◆ DATA SUPPLIED:
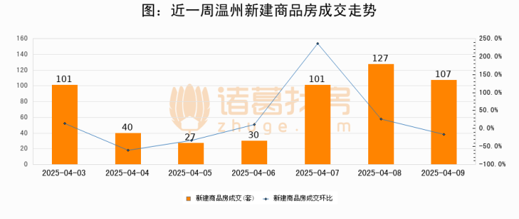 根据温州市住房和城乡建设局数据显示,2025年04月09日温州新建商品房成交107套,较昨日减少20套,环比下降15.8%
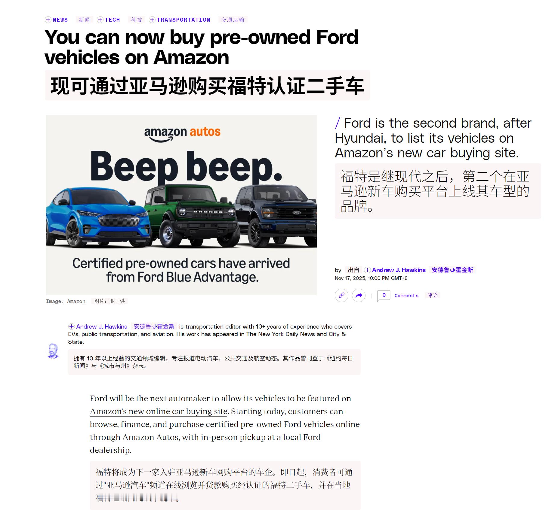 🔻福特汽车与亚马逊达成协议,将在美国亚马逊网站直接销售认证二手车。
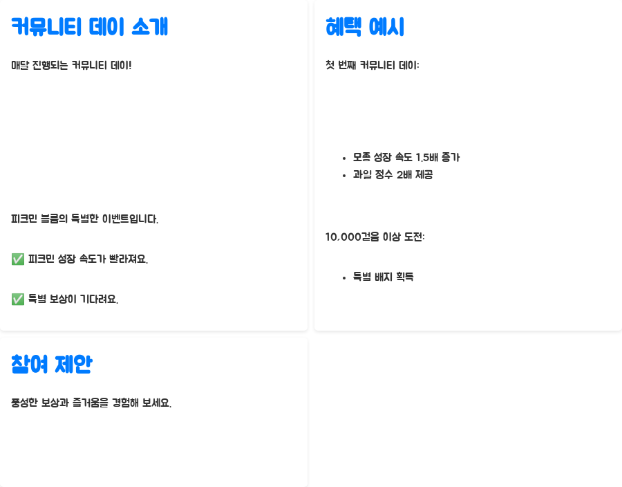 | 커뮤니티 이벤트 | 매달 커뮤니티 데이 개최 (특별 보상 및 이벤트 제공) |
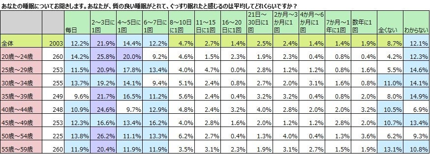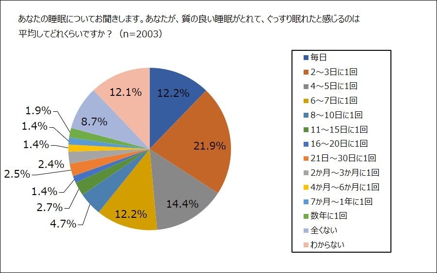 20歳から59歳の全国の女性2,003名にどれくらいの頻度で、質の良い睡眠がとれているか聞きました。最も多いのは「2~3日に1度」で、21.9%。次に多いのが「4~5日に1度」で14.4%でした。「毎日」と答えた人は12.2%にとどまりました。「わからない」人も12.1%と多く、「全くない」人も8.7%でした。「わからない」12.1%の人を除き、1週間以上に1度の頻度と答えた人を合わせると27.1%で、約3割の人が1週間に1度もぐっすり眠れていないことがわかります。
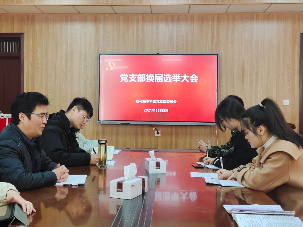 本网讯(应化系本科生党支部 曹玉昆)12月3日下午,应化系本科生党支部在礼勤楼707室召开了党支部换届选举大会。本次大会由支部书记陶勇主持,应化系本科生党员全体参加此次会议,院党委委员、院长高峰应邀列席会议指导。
...
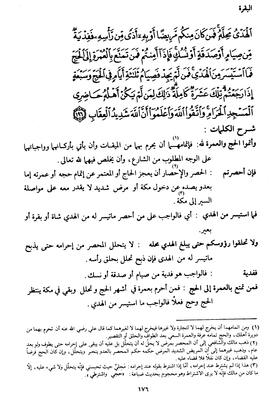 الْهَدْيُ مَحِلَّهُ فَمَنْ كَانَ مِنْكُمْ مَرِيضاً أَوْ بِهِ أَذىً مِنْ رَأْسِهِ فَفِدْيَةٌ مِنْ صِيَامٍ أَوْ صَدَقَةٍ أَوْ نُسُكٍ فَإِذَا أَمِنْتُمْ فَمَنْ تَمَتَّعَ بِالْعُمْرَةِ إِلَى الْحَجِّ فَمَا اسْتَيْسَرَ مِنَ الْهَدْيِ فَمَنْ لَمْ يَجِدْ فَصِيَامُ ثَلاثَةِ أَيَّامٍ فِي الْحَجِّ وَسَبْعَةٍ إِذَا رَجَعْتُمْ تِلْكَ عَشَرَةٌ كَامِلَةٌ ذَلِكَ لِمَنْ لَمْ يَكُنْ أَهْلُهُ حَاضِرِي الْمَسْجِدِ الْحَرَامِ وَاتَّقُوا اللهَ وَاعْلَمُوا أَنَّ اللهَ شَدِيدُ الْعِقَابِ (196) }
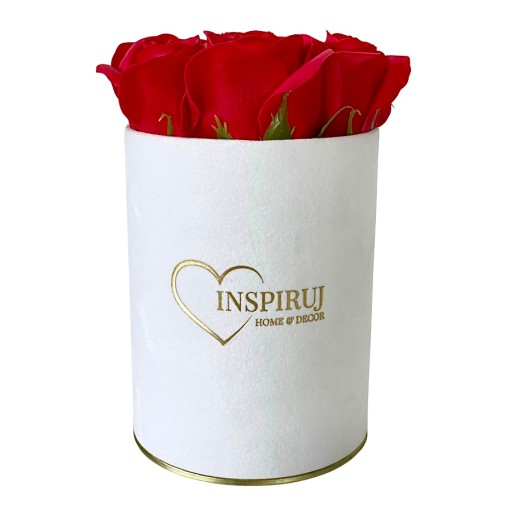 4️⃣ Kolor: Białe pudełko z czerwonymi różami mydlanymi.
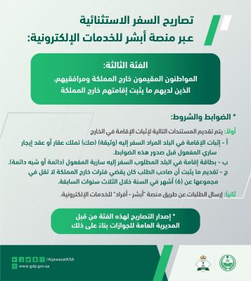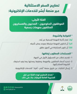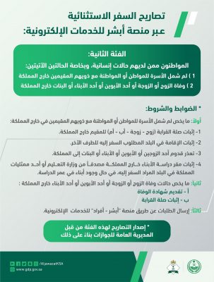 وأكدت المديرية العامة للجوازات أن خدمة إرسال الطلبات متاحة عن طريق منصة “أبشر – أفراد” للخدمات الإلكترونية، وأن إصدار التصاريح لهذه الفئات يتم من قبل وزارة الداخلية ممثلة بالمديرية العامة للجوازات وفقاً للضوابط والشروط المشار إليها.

◆ TASK TO COMPLETE:
Reproduce, word for word, everything in the listing above from the line containing "根据温州市住房和城乡建设局数" down to the line containing "本网讯(应化系本科生党支部 曹玉昆)12", both of them included. No pictures.

◆ WRITTEN REPLY:
 根据温州市住房和城乡建设局数据显示,2025年04月09日温州新建商品房成交107套,较昨日减少20套,环比下降15.8%
 🔻福特汽车与亚马逊达成协议,将在美国亚马逊网站直接销售认证二手车。
 | 커뮤니티 이벤트 | 매달 커뮤니티 데이 개최 (특별 보상 및 이벤트 제공) |
 20歳から59歳の全国の女性2,003名にどれくらいの頻度で、質の良い睡眠がとれているか聞きました。最も多いのは「2~3日に1度」で、21.9%。次に多いのが「4~5日に1度」で14.4%でした。「毎日」と答えた人は12.2%にとどまりました。「わからない」人も12.1%と多く、「全くない」人も8.7%でした。「わからない」12.1%の人を除き、1週間以上に1度の頻度と答えた人を合わせると27.1%で、約3割の人が1週間に1度もぐっすり眠れていないことがわかります。
 本网讯(应化系本科生党支部 曹玉昆)12月3日下午,应化系本科生党支部在礼勤楼707室召开了党支部换届选举大会。本次大会由支部书记陶勇主持,应化系本科生党员全体参加此次会议,院党委委员、院长高峰应邀列席会议指导。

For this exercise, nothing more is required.